Every concern has exactly one canonical module. Adding categories, vision providers, or scrapers means editing one file.

Configuration

Settings live in .env. The dashboard's Settings tab edits the same file from the browser, so you don't need to leave the UI to add a key. Required only for the providers you'll use:

GROQ_API_KEY — for the balanced-groq worker (cloud, fast, handles NSFW)
LMSTUDIO_PRIMARY_URL — for balanced-lm / lm-autodetect (defaults to http://127.0.0.1:1234)
CIVITAI_API_KEY — for the Civitai scrapers
TWITTER_COOKIES — for X/Twitter (cookie-based, no OAuth)
DISCORD_BOT_TOKEN + DISCORD_CHANNELS_JSON — for Discord

Quality thresholds:

VISION_OVR_MIN_SCORE — minimum craft-quality score (0-100) below which images go to DISCARD.
VISION_REL_MIN_SCORE — minimum topic-relevance score (0-100). Same threshold semantics.

Neither applies to images classified as NSFW — those land in the NSFW/ bucket regardless of score.

Prompt-less ingest + auto-captioning (Vision tab toggles, also .env keys):

REQUIRE_PROMPT — true (default) keeps the existing MIN_PROMPT_LENGTH gate; set false to let scrapers queue images that have no prompt at all (gallery-dl, local folders, etc.).
AUTO_CAPTION_ENABLED — when true, the vision worker emits a training-ready caption in the same call that classifies the image. The caption gets written to the image's .txt.
AUTO_CAPTION_STYLE — one of sd_prompt (default, comma-separated SD/Flux prompt), booru_tags (lowercase_underscored), or natural_language (1-3 sentences).
AUTO_CAPTION_OVERWRITE — false (default) preserves an existing source-side prompt; true regenerates .txt for every image regardless.

gallery-dl scraper:

GALLERY_DL_ENABLED — toggle for the URL-based scraper backed by gallery-dl.
GALLERY_DL_URLS — newline or comma separated URLs (Pixiv profiles, booru tag pages, DeviantArt galleries, etc.).
GALLERY_DL_LIMIT_PER_URL — cap per URL (default 50).
GALLERY_DL_COOKIES_FILE — Netscape cookies.txt path; required for login-walled sites.
GALLERY_DL_CONFIG_PATH — optional extra gallery-dl JSON config layered on top of cull's defaults.

FAQ

Why no Redis? Because the filesystem is already a queue. image.jpg.processing is the lock; os.rename is atomic on every platform that matters; the supervisor's stale-processing sweep recovers from crashes on restart. cull runs on a Raspberry Pi if you want it to.

Why force a JSON schema on every backend? Because vision models love to reply with <think>...</think> blocks, markdown fences, or "I'd be happy to help!" prefixes that break regex parsers. The schema constraint moves the problem one layer down — the model literally cannot emit invalid output. Adding a new backend is reduced to the API call shape.

What is the "Watermarked" category? A photo that passes every other gate (photoreal, real human, scores above threshold, not NSFW) but the model flagged a watermark. The shot is salvageable if you remove the overlay; the bucket exists so you don't lose those to DISCARD.

How do I add a new scraper? Copy pipeline_code/scraper_civitai.py, swap the API specifics, register in run_pipeline.compute_desired_agents, add a row in _STATIC_SCRAPERS so it shows up as a toggle. The SeenStore and credentials helpers handle dedup and key resolution.

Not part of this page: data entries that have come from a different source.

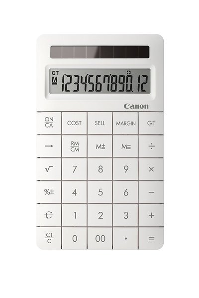 Калькулятор Canon X Mark II, White – профессиональный 12-разрядный вычислительный прибор. Верхняя часть калькулятора изготовлена из высококачественного фирменного пластика, а нижняя часть – из прочного алюминия и дополнена резиновыми накладками, благодаря чему калькулятор не будет скользить по поверхности. Работает калькулятор от солнечной энергии, поэтому не требуется делать замену батареек. Для большего удобства предусмотрены функции, которые позволяют вычислить себестоимость, цену продажи и маржинальность товара. |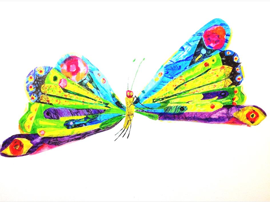 I love the sort of ‘stunned mullet’ look of both the caterpillar, that has devoured so much he is no longer hungry and is blown up like a balloon, and the butterfly!
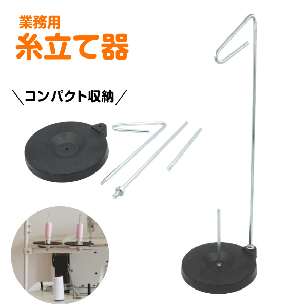 ご家庭のミシンで工業用・業務用ミシン糸が使える!業務用糸立て器です。設置は簡単!土台に重さがあり、安定感抜群!大容量のミシン糸が家庭用ミシンで使用できるのは経済的♪勿論、お使いの家庭用ミシン糸セットにも ご利用いただけます。組立式なので、使わない時はコンパクトに収納できます。【組立方法】1.長い棒2本を繋げて1本にする2.繋げた棒を土台の横の穴に挿してねじ込む3.短い棒を真ん中の穴に挿してねじ込んだら完成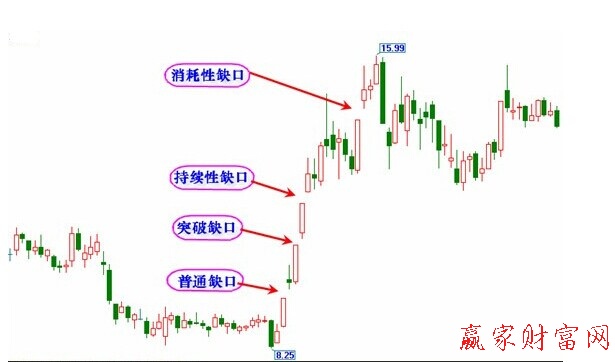 缺口是指股價在大幅度震蕩時,其中有一段價格是沒有任何交易,在K線圖上顯示的就是一個真空區(qū)域,我們稱之為缺口,或者稱為跳空。如果經過一段時間或很長時間股價反向變動使得真空區(qū)域被填上,我們稱為缺口被封閉,或者稱為補空。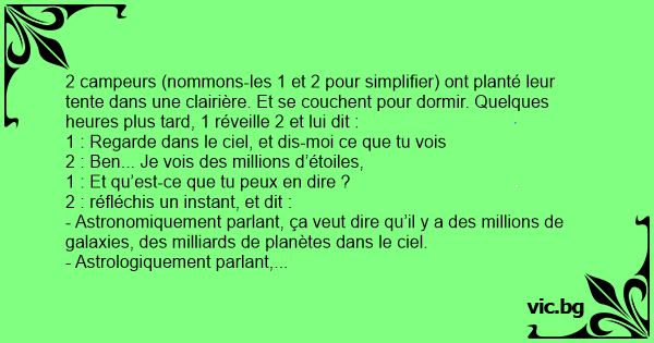 1 : Pauvre соn ! Si tu vois des millions d’étoiles, ça veut tout simplement dire qu’on s’est fait voler notre tente.

How do I switch LM Studio endpoints without restarting? You can't fully — endpoint config is read at worker spawn. But you can hot-swap the loaded model via the dashboard's Vision tab without touching the supervisor.

Where does my data live? data/ next to the repo by default (data/queue/<slug>/<source>/, data/sorted/<slug>/<category>/<source>/). Set PIPELINE_BASE_DIR in .env to put it on a different disk. The path lives in one module, paths.py.

Why "cull"? Because that's the verb. Photographers cull. Editors cull. ML engineers cull. The product automates a workflow that already had a name.

Contributing

Small fixes welcome. For larger changes (new scraper source, new vision provider) please open an issue first.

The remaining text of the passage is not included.